I'm doing this week's 'easy' Daily Programmer Challenge on Reddit. The description is at the link, but essentially the challenge is to read a text file from a url and do a word count. Needless to say the resulting output is a fairly large dictionary object. I have a few questions, mostly regarding accessing or sorting keys according to their value.

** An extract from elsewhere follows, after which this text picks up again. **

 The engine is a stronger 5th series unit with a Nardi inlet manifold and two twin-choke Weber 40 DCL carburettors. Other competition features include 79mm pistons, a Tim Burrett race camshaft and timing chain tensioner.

First, I developed the code according to what I currently understand about OOP and good Python style. I wanted it to be as robust as possible but I also wanted to use the least amount of imported modules. My goal is to become a good programmer, thus I believe it's important to develop a strong foundation and figure out how to do things myself whenever possible. That being said, the code:
from urllib2 import urlopen
class Word(object):
def __init__(self):
self.word_count = {}
def alpha_only(self, word):
"""Converts word to lowercase and removes any non-alphabetic characters."""
x = ''
for letter in word:
s = letter.lower()
if s in 'abcdefghijklmnopqrstuvwxyz':
x += s
if len(x) > 0:
return x
def count(self, line):
"""Takes a line from the file and builds a list of lowercased words containing only alphabetic chars.
Adds each word to word_count if not already present, if present increases the count by 1."""

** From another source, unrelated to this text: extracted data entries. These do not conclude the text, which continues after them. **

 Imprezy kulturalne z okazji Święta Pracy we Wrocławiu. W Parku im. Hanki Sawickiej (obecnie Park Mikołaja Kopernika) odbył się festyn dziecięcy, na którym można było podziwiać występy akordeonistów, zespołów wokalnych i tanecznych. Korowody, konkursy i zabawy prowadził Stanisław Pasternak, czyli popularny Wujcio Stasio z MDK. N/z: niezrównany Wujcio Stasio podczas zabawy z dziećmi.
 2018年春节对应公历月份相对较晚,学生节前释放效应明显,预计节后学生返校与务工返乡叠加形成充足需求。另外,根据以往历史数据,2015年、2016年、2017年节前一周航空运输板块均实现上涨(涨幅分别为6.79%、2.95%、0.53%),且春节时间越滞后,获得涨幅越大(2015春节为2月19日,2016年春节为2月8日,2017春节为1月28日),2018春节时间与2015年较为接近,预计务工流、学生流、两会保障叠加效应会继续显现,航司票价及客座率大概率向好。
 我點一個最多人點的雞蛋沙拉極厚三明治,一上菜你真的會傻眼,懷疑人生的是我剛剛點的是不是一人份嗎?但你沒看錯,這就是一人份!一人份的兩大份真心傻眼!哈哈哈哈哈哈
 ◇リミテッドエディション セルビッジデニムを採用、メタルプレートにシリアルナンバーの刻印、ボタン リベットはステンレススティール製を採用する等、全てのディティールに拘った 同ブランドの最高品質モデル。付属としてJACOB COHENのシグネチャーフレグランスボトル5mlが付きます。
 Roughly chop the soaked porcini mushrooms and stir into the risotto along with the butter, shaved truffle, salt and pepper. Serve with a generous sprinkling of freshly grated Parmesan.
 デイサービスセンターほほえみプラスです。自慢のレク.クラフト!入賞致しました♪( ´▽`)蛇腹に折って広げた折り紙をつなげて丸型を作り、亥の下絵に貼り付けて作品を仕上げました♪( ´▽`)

words = [self.alpha_only(x) for x in line.split(' ') if self.alpha_only(x) != None]
for word in words:
if word in self.word_count:
self.word_count[word] += 1
elif word != None:
self.word_count[word] = 1
class File(object):
def __init__(self,book):
self.book = urlopen(book)
self.word = Word()
def strip_line(self,line):
"""Strips newlines, tabs, and return characters from beginning and end of line. If remaining string > 1,
splits up the line and passes it along to the count method of the word object."""
s = line.strip('\n\r\t')
if s > 1:
self.word.count(s)
def process_book(self):
"""Main processing loop, will not begin processing until the first line after the line containing "START".

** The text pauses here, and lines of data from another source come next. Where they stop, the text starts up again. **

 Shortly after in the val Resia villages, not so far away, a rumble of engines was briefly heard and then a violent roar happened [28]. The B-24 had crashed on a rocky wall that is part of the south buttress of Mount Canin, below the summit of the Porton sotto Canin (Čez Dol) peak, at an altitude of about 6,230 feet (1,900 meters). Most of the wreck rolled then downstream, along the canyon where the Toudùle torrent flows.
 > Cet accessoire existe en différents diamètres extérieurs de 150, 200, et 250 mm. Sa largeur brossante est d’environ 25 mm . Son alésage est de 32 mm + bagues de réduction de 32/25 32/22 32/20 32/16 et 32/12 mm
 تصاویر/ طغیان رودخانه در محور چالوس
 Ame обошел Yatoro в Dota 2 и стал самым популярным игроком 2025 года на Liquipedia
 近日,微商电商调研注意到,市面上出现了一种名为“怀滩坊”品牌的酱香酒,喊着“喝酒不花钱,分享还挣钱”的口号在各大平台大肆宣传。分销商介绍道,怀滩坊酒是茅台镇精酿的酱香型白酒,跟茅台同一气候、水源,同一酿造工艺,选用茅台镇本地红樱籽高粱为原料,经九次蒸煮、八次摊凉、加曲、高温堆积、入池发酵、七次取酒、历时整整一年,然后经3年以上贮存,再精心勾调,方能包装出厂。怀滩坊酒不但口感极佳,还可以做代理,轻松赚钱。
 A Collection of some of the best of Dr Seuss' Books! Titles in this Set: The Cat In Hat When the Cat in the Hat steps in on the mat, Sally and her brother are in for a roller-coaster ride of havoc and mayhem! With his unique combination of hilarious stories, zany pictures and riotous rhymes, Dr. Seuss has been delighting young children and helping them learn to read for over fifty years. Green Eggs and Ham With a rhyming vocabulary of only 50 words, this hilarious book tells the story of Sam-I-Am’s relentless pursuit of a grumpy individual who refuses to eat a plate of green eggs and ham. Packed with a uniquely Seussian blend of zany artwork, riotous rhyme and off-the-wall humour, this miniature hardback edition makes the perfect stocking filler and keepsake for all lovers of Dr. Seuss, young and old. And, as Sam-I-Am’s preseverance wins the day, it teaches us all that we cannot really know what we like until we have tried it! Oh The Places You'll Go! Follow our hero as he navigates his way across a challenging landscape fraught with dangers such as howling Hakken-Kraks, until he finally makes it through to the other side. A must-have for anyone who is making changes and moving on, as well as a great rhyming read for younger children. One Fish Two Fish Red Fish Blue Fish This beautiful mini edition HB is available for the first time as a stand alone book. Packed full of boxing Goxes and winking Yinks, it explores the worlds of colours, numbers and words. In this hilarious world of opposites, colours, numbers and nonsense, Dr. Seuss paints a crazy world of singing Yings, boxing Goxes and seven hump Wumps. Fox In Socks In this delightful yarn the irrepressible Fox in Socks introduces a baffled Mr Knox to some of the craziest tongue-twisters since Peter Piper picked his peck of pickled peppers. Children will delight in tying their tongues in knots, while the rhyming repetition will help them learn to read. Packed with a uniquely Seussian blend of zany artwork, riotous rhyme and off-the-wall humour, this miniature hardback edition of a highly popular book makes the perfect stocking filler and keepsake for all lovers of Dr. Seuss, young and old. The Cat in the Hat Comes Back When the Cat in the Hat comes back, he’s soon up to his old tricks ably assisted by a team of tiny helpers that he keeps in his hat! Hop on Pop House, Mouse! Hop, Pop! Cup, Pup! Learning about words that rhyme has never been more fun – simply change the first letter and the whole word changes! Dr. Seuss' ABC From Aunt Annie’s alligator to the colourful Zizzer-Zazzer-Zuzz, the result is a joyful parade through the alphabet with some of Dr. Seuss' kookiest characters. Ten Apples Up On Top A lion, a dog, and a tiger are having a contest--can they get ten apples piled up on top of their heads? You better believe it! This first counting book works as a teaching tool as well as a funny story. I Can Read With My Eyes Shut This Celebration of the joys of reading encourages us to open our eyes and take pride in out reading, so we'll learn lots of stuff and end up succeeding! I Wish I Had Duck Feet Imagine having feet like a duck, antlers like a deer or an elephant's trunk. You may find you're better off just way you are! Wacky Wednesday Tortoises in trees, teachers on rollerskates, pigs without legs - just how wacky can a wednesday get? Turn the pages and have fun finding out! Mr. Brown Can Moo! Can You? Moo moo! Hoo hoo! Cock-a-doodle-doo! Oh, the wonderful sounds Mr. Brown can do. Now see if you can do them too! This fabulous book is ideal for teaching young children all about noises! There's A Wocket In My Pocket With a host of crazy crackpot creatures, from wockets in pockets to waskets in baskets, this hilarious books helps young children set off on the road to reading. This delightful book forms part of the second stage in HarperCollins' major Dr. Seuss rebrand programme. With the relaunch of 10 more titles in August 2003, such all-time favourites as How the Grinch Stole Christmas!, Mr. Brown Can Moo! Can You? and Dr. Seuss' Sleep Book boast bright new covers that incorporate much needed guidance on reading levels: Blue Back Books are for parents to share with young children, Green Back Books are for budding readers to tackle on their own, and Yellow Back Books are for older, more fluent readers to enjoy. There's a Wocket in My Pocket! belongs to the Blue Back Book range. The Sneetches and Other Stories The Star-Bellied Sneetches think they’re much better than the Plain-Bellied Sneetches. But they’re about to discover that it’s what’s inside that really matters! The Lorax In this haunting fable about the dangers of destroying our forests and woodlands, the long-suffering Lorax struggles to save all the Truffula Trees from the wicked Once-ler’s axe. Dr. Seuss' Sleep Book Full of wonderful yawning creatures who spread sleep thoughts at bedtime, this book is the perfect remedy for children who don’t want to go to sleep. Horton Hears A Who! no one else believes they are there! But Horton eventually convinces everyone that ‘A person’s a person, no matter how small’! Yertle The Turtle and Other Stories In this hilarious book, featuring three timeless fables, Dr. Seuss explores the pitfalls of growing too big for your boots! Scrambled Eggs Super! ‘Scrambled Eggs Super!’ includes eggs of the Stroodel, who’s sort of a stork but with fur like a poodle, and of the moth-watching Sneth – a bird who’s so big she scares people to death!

After processing it will close the file."""
begin = False
for line in self.book:
if begin == True:
self.strip_line(line)
elif 'START' in line:
begin = True
self.book.close()
book = File('http://www.gutenberg.org/cache/epub/47498/pg47498.txt')
book.process_book()
count = book.word.word_count
So now I have a fairly accurate and robust word count that probably doesn't have any duplicates or blank entries, but is nevertheless a dict object containing over 3k key/value pairs. I can't iterate over it using for k,v in count
or it gives me the exception ValueError: too many values to unpack
, which rules out using list comprehension or mapping to a function to perform any kind of sorting.
I was reading this HowTo on Sorting and playing with it a few minutes ago and noticed that for x in count.items()
lets me iterate through a list of key/value pairs without throwing a ValueError exception, so I removed the line count = book.word.word_count
and added the following:
s_count = sorted(book.word.word_count.items(), key=lambda count: count[1], reverse=True)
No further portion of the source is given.